Work request:
Output the whole listing exactly, except for the pictures in it.

Raw data:

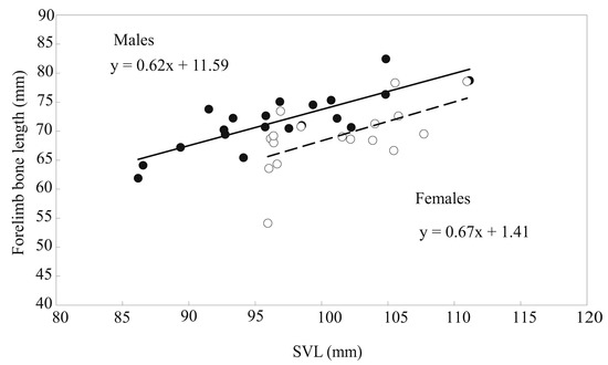 Linear regression of the total length of forelimb bones on the SVL of male (closed circles, solid line) and female (open circles, broken line) B. gargarizans.
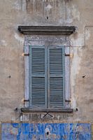 Een verweerde muur met al even verweerde blauw-grijze luiken van een monumentaal pand in het centrum van het prachtige Italiaanse stadje Domodossola.
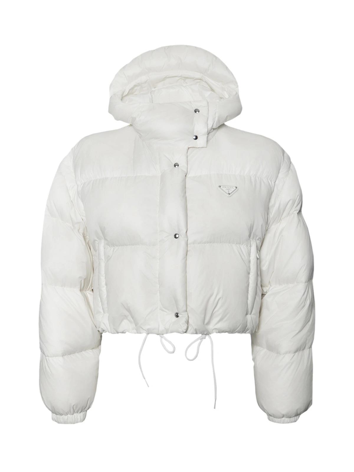Пуховик PRADA IT 40 белый укороченный с капюшоном полиэстер пух кофр

Your response:
 Linear regression of the total length of forelimb bones on the SVL of male (closed circles, solid line) and female (open circles, broken line) B. gargarizans.
 Een verweerde muur met al even verweerde blauw-grijze luiken van een monumentaal pand in het centrum van het prachtige Italiaanse stadje Domodossola.
Пуховик PRADA IT 40 белый укороченный с капюшоном полиэстер пух кофр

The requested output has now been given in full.